13 Poin yang Wajib Ditaati Anggota Polri Selama Musim Pilkada

17
Kadiv Humas Polri, Irjen Pol Setyo Wasisto / int

LONATR.id – Untuk menjaga netralitas korps Bhayangkara selama bergulirnya Pilkada 2018 secara serentak, anggota Kepolisian Republik Indonesia (Polri) dilarang berfoto bersama pasangan calon (paslon) pilkada.

“Ya itu ada aturan, Bapak Kapolri telah menyampaikan, ada 13 poin, salah satunya anggota Polri tidak boleh foto-foto. Misalnya anggota foto dengan salah satu calon, kemudian diunggah di media sosial, itu enggak boleh,” kata Kadiv Humas Polri Irjen Setyo Wasisto di Mapolda Metro Jaya, Jumat (19/1/2018), dilansir dri Kompascom.

Namun, kata Irjen Setyo, ada pengecualian terhadap anggota polisi yang ditugaskan memberi pengawalan melekat kepada para calon yang mengikuti Pilkada 2018. Namun, anggota tersebut tetap tidak boleh memihak kepada salah satu pasangan calon yang bertarung.

“Tapi itu pun tidak boleh dia terus mengunggah dengan ini, mendukung salah satu calon, atau kemudian foto-foto selfie dengan calon. Itu tidak diperkenankan, nanti akan dikenai kode etik.

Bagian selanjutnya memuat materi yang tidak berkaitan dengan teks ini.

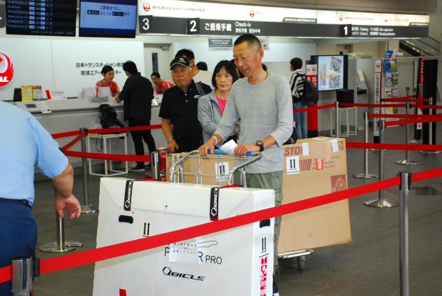 バイクなどの荷物を係員に預ける選手=16日、宮古空港
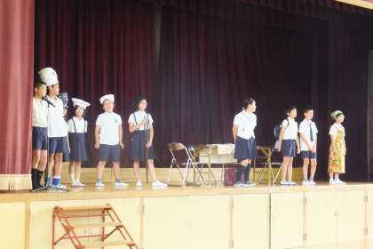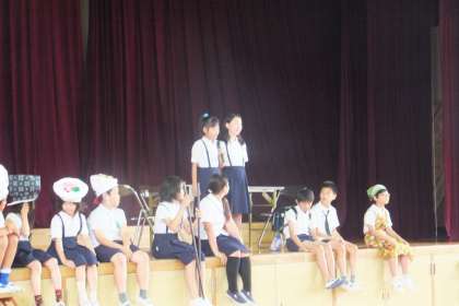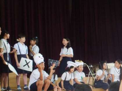 劇の後は、クイズが3問ありました。劇に関するものが2問、校長先生の朝ごはんに関するものが1問出されました。最後の1問は、少し、難しかったかもしれませんね!!

Ada 13 poin yang wajib ditaati anggota Polri selama tahun politik,” kata Setyo.

Berikut 13 Poin yang Wajib Ditaati Anggota Polri :

1 – Anggota Polri tidak boleh mendeklarasikan diri sebagai bakal calon kepala daerah atau wakilnya, maupun calon anggota legislatif, sebelum mengundurkan diri.

2 – anggota Polri dilarang menerima, meminta, atau mendistribusikan janji, hadiah, sumbangan atau bantuan dalam bentuk apapun dari pihak partai politik, pasangan calon, maupun tim sukses dalam kegiatan pemilu.

3 – polisi dilarang menggunakan, memasang, atau menyuruh orang lain untuk memasang atribut yang bertuliskan atau bergambar parpol ataupun pasangan calon tertentu.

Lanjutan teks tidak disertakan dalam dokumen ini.